Data records:
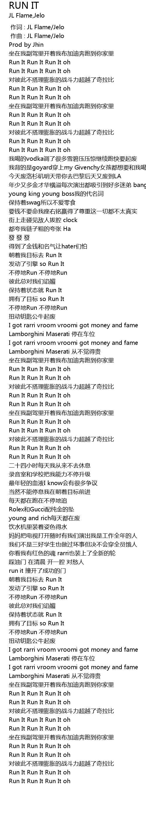 | [01:23.714] | bao chi zhe zhuang tai jiu Run It |
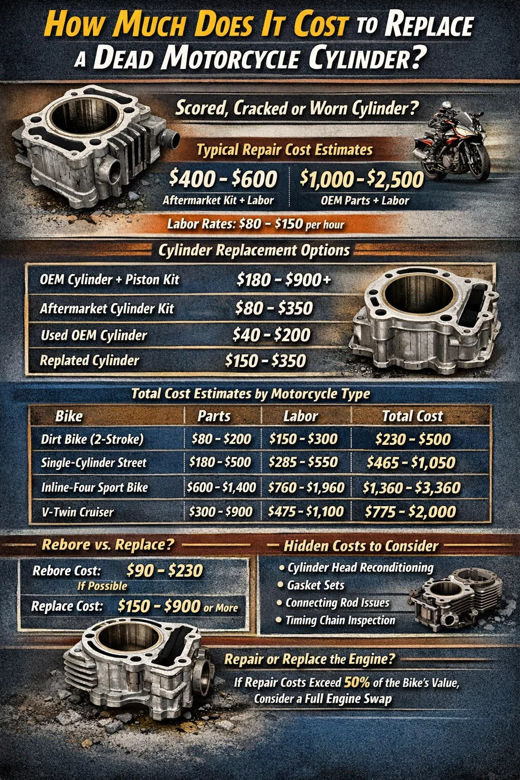 Combining parts and labor, here is a realistic picture of what you will spend on a full motorcycle cylinder replacement across common bike categories.
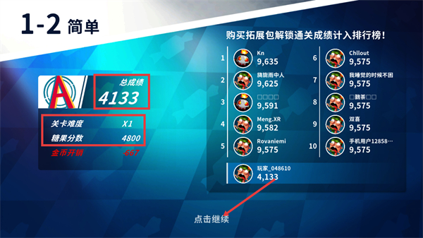 4、通关【1-2-简单】关卡后,关注【4133-总成绩】与【4800-糖果分数】,达标可解锁奖励以提升后续关卡战力。
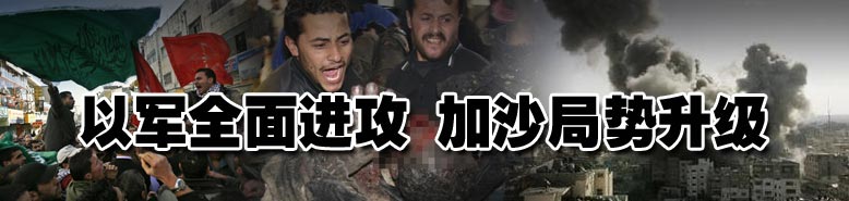第十三日 以軍8日對至少25個目標進行了打擊,并襲擊了巴勒斯坦武裝人員的5個分隊。同時,以軍還在停火時段內(nèi)襲擊了聯(lián)合國救援車隊,造成兩死一傷,遭到各方譴責。以色列軍方稱,當天有4枚來自黎巴嫩方向的火箭襲擊了以色列北部城鎮(zhèn)Nahariya,5人輕傷。黎巴嫩政府官員表示正調(diào)查此事。目前,軍事打擊已造成至少765名巴勒斯坦人死亡,超過3120人受傷,另外,以色列總理奧爾默特還暗示,攻勢可能擴大。【詳細】
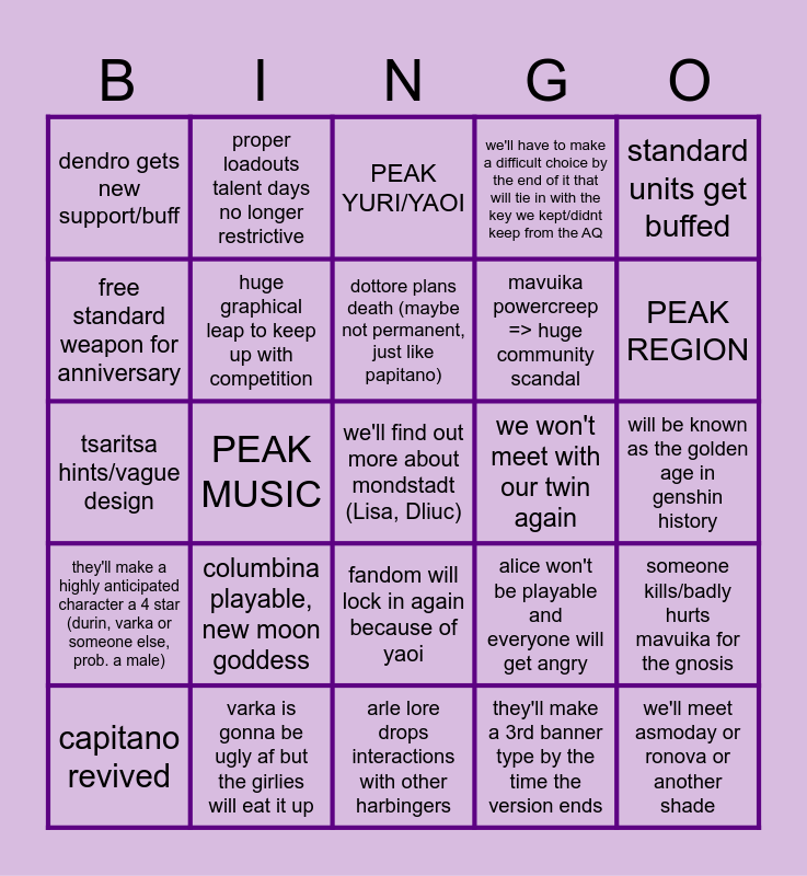 This bingo card has 25 words: columbina playable, new moon goddess, arle lore drops interactions with other harbingers, dottore plans death (maybe not permanent, just like papitano), capitano revived, standard units get buffed, dendro gets new support/buff, free standard weapon for anniversary, proper loadouts talent days no longer restrictive, we won't meet with our twin again, fandom will lock in again because of yaoi, mavuika powercreep => huge community scandal, tsaritsa hints/vague design, alice won't be playable and everyone will get angry, someone kills/badly hurts mavuika for the gnosis, huge graphical leap to keep up with competition, we'll meet asmoday or ronova or another shade, will be known as the golden age in genshin history, PEAK YURI/YAOI, PEAK REGION, PEAK MUSIC, we'll find out more about mondstadt (Lisa, Dliuc), varka is gonna be ugly af but the girlies will eat it up, they'll make a highly anticipated character a 4 star (durin, varka or someone else, prob. a male), we'll have to make a difficult choice by the end of it that will tie in with the key we kept/didnt keep from the AQ and they'll make a 3rd banner type by the time the version ends.
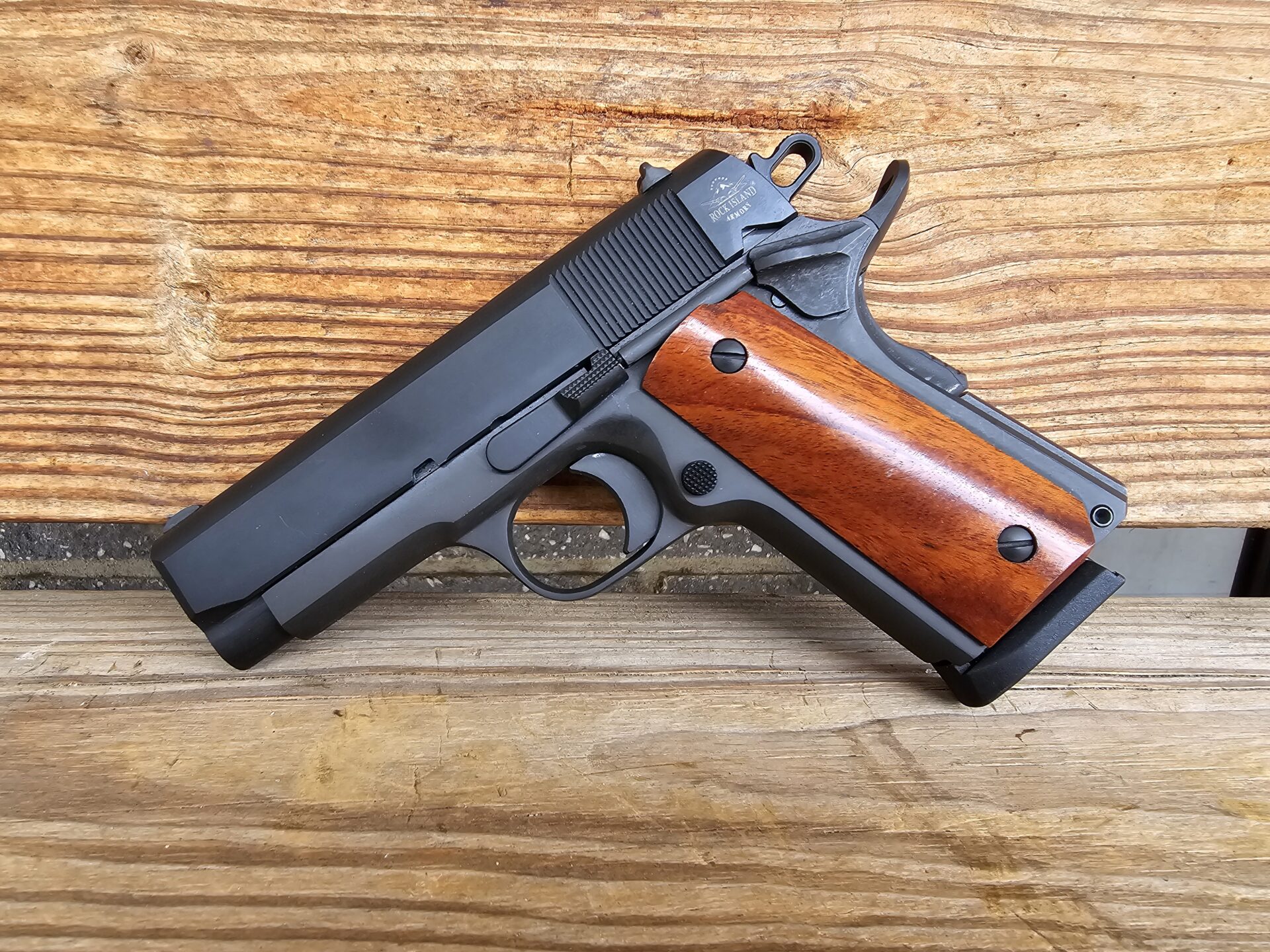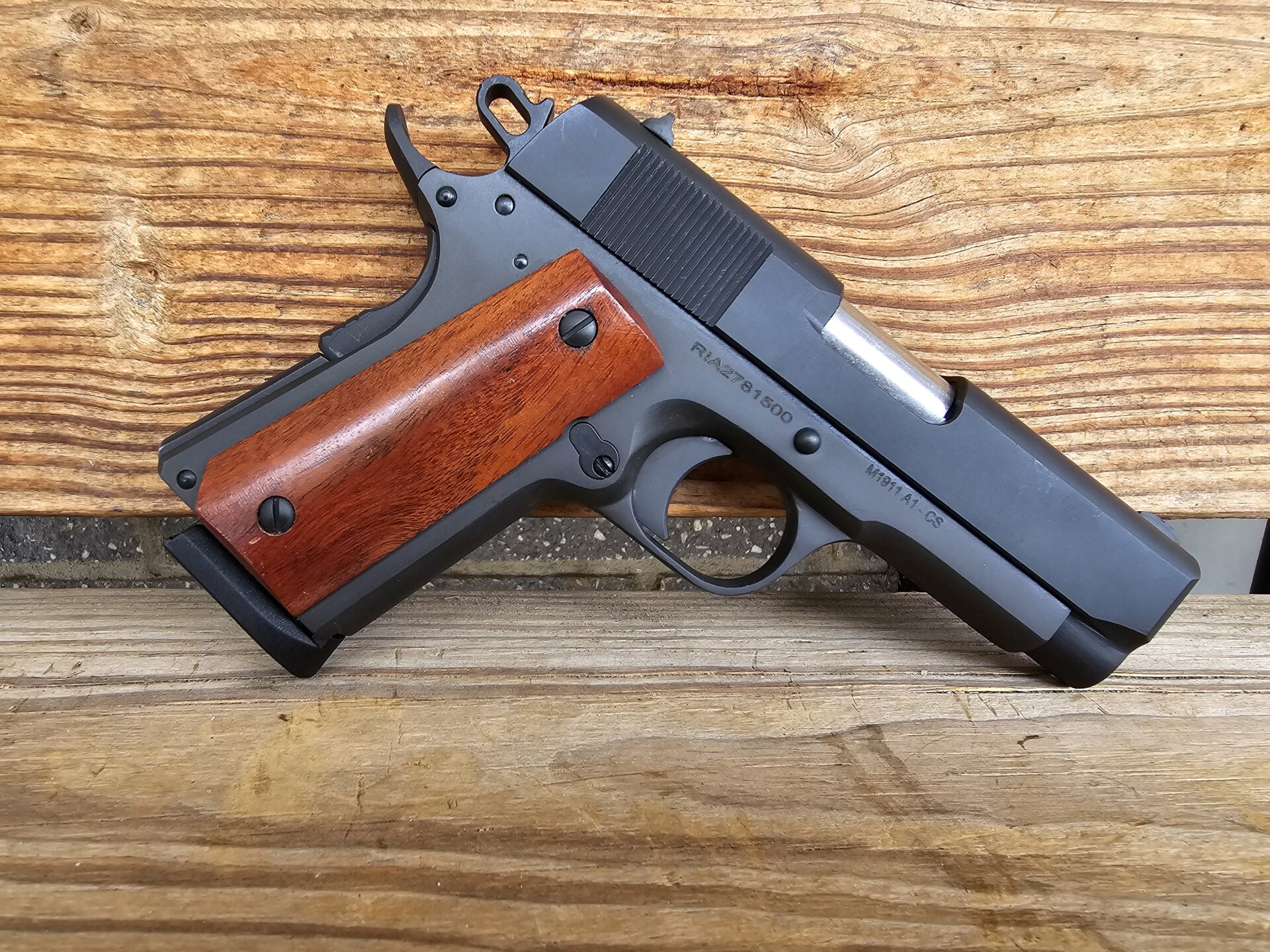 Classic 1911 Design: Fixed low-profile sights, parkerized steel finish, and wood grips stay true to the original U.S. GI sidearm.

(Brief): What lines above run from the one with "Combining parts and" to the one with "4、通关【1-2-简单】关卡"? Give them again exactly, ends included, and leave the pictures out.

(Written answer):
 Combining parts and labor, here is a realistic picture of what you will spend on a full motorcycle cylinder replacement across common bike categories.
 4、通关【1-2-简单】关卡后,关注【4133-总成绩】与【4800-糖果分数】,达标可解锁奖励以提升后续关卡战力。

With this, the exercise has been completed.